Kahati, Dorong Pembangunan Lingkungan dan Sosial
TANDATANG MoU : Bupati Bandung Dadang M Naser (ketiga kiri) bersama General Manager UPJP Kamojang Budi Wibowo (kedua Kanan) menandatangi nota kesepahaman untuk melaksanakan pengembangan pembangunan melalui program Kahati.
0 Komentar

SOREANG – Untuk mening­katkan pembangunan ling­kungan dan sosial, Pemerin­tah Kabupaten (Pemkab) Bandung melakukan nota kesepahaman.
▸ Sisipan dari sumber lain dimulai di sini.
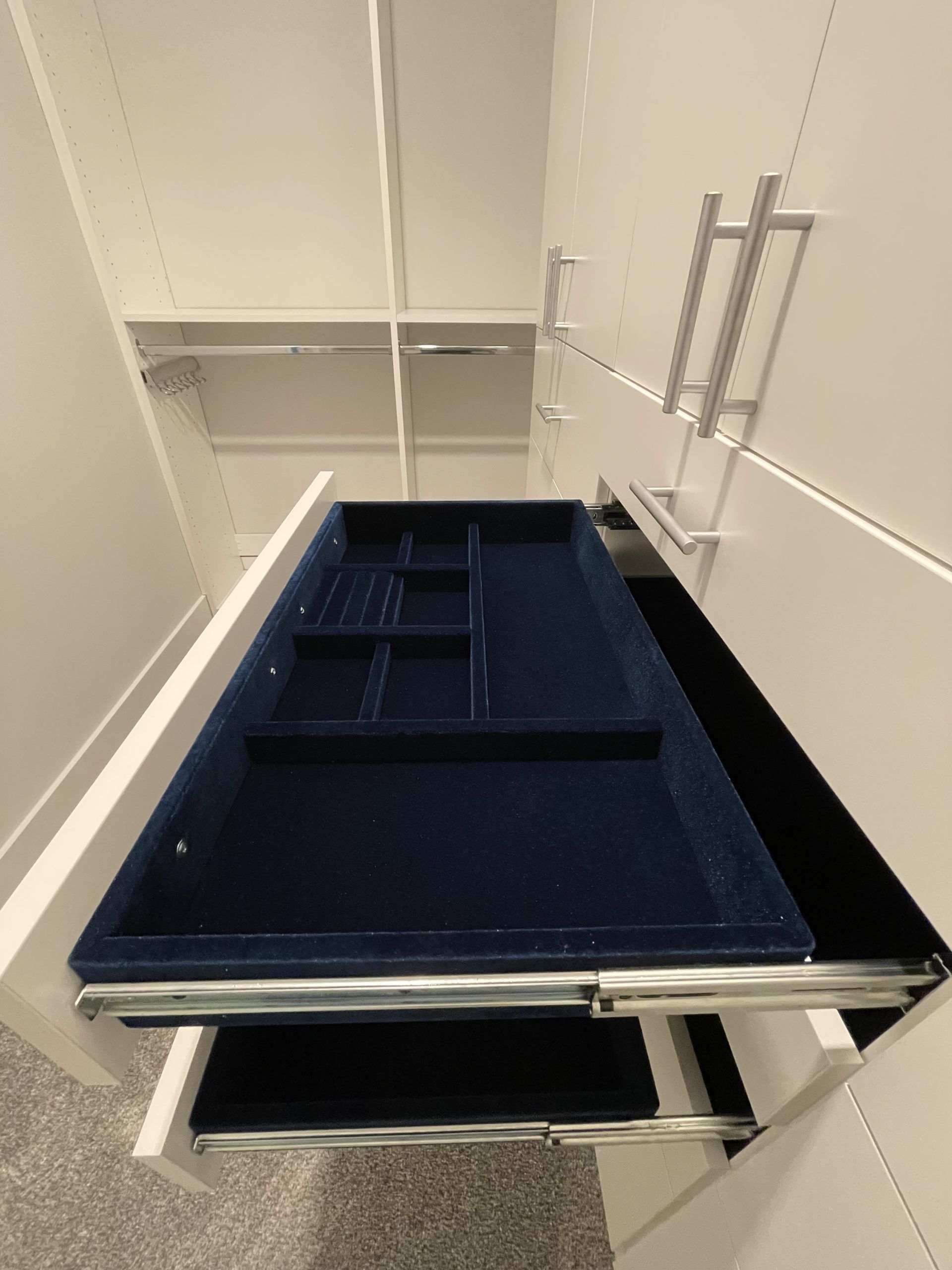 Affordable Closets installed my master closet and pantry. Melissa and Steve were great to work with and I am very happy with both designs. Their price undercut the competition but I don’t feel that I compromised on quality. Love my jewelry tray inserts!

Penandatan­ganan Memorandum of Un­derstanding (MoU) bersama PT. Indonesia Power Unit Pembangkit dan Jasa Pembang­kitan (UPJP) Kamojang dila­kukan Bupati Bandung Dadang M Naser dengan General Manager UPJP Kamojang Budi Wibowo.

Bupati Bandung Dadang M Naser mengatakan, MoU ter­sebut akan membantu per­masalahan lingkungan dengan cara membangun peng­embangan kawasan konser­vasi keanekaragaman hayati (Kahati) di Kampung Ciseupan, Desa Nagrog, Kecamatan Ci­calengka.
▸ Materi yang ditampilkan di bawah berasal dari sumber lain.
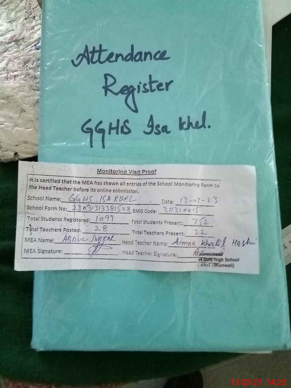 | Attendance Register | Head Teacher | MEA with School | Visit Proof |

”Alhamdulillah ada perha­tian dari CSR (Corporate Social Responsibility) PT. Indonesia Power untuk ma­salah pembangunan ling­kungan, diantaranya akan membantu penataan taman keanekaragaman hayati yang rencananya akan dibangun di Desa Nagrog, Kecamatan Cicalengka,” kata Dadang saat ditemui usai penandatangan MoU di Soreang, belum lama ini.

Baca Juga:Pemkot Cimahi Berambisi Jadikan PAB Pasar SehatJalan Longsor Belum Diperbaiki

Menurut Dadang, dirinya meminta kepada pihak In­donesia Power untuk mem­perhatikan lingkungan sekitar seperti Gunung Rakutak dan Danau Kamojang. Pasalnya, hampir semua perusahaan geothermal membutuhkan air.

”Saya menekankan, PT. In­donesia Power harus mem­perhatikan wilayah sekitarnya. Danau yang hilang di Kamo­jang harus dibangkitkan kem­bali, karena air itu lagiatornya gunung untuk memproduksi asap yang bagus, jadi air harus tersedia dengan baik,” jelasnya.

Menurutnya, program Ka­hati akan dibangun diatas lahan seluas 20 hektare. Selain menjadi kawasan konservasi, juga akan menjadikan sebagai area rekreasi bagi masyarakat setempat.

”Kami sudah melakukan pendekatan dengan masy­arakat untuk melakukan pembebasan lahan. Nanti­nya di lahan seluas 20 hek­tare itu akan ditumbuhi aneka ragam tanaman. Se­laian itu, kami juga akan membangun area rekreasi seperti jogging track, danau kecil untuk menampung air dan camping ground. Se­hingga disana menjadi dae­rah rekreasi sekaligus olah­raga bagi masyarakat,” aku­nya.

Dadang menambahkan, dengan adanya program CSR untuk pembangunan Kahati tersebut, dirinya berharap masyarakat sekitar tidak ada yang dirugikan. Tetapi dengan adanya program tersebut, masyarakat harus diuntung­kan.